Pallete presentó una paradoja ideal sobre la mesa: disminuyó la deuda a la mitad (de 53.000 millones a menos de 29.000) mientras el valor en bolsa caía un 57%. La fórmula es evidente: la rehabilitación financiera ya no basta para atraer a los mercados. La inversión se enfoca en relatos de expansión, no de resistencia.
Y es en ese momento cuando la chaqueta de tecnología se ajusta mejor que la de telecomunicaciones. Y ahí van por ella.

El MWC como manifestación de propósitos.
Las demostraciones que Telefónica mostró en Barcelona son un adelanto de sus proyectos futuros. Ya no se restringe a discutir sobre conectividad, sino que explora áreas más complejas: drones autónomos que incorporan APIs de Open Gateway, protección frente a los desafíos de la computación cuántica, y su Centro de Operaciones Digitales dedicado a la ciberseguridad.
Es notable que la compañía de telecomunicaciones no solo exhibiera su red 5G, sino también las aplicaciones que se pueden desarrollar sobre esta. Su presentación de drones exhibió aplicaciones en el ámbito de la salud, el medio ambiente y la logística. Se nota un esfuerzo por posicionarse en la cadena de valor más allá del «tubo» de información. Más allá de la temida mercantilización.
La exposición de su tecnología Quantum-Safe Networks prevé amenazas que aún no han surgido, pero que lo harán cuando la computación cuántica sea más presente que un concepto futuro. La comunicación sobre un Centro de Excelencia en esta área, aunque sin especificar inversión o personal ni después de la consulta concreta de Xataka, revela su deseo de convertirse en un proveedor de seguridad estratégica.
Enrique Blanco, el CTIO saliente tras cuatro décadas en la empresa, ha señalado que han estado laborando en este ámbito durante diez años, realizando pruebas restringidas en áreas como Madrid o Vizcaya.
Sin embargo, tal vez la inversión más relevante sea Open Gateway. Chema Alonso, figura destacada de la transformación digital (aunque con un futuro dudoso), ha anunciado colaboraciones con TikTok, Cabify, AWS, Google Cloud y la Comunidad de Madrid. La meta es transformar sus redes, que hasta ahora han sido simples carreteras, en plataformas que produzcan beneficios económicos. Telefónica busca capitalizar su papel destacado como validador de identidad y establecerse como un intermediario tecnológico entre los ciudadanos y los servicios.
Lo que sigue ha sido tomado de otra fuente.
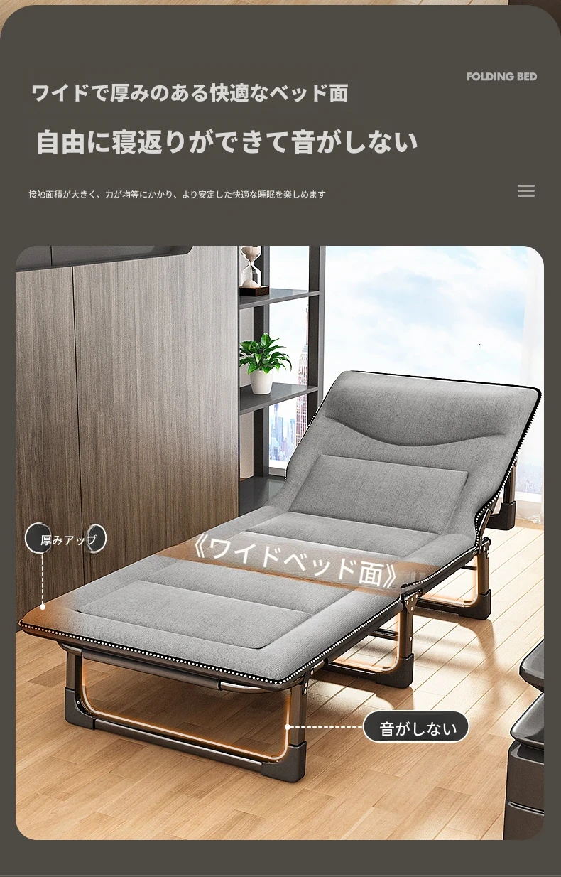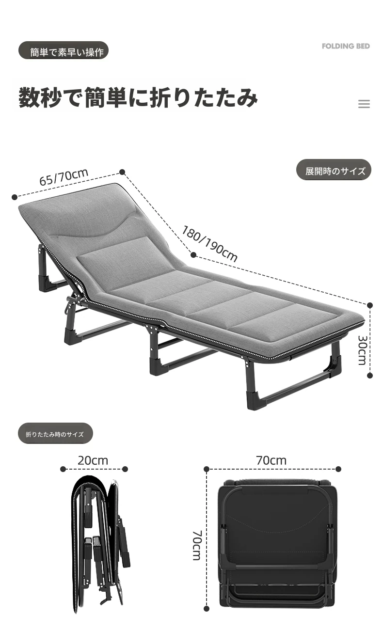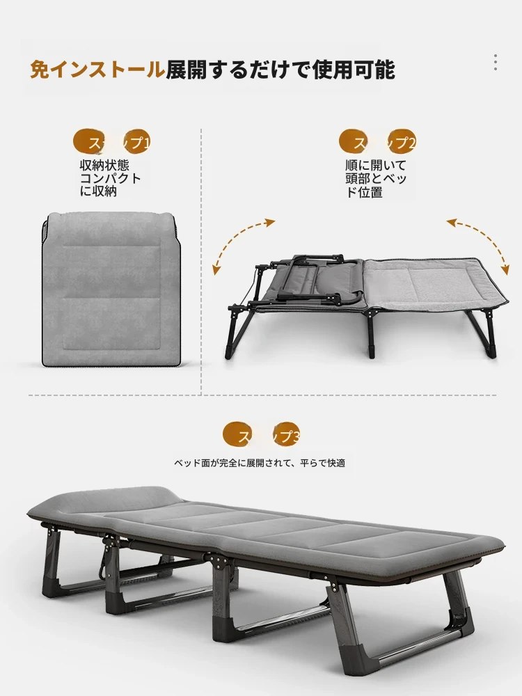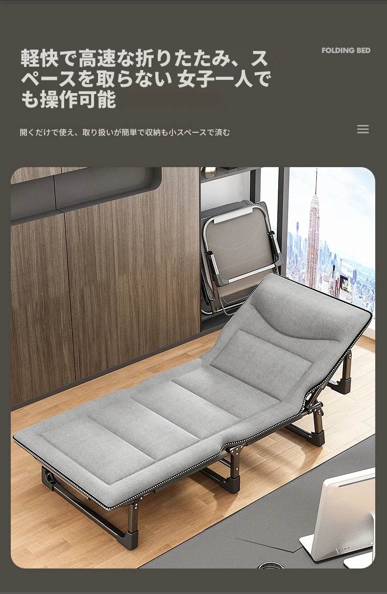 昼寝に最適!折りたたみ式シングルオフィスベッド、持ち運び便利な家庭用リクライニングチェア、簡単に設置できるミニマムキャンプベッド。快適な休息をお届けします!

No obstante, detrás de estos indicios de modernidad, se mantiene la estructura de una compañía creada para un mundo diferente. Su cultura organizacional, formada a lo largo de décadas como un monopolio nacional, entra en conflicto con la flexibilidad necesaria para la innovación. Los más de 100.000 trabajadores que aún tiene el grupo se diferencian de operadoras más ágiles. Sin mencionar a las grandes empresas tecnológicas.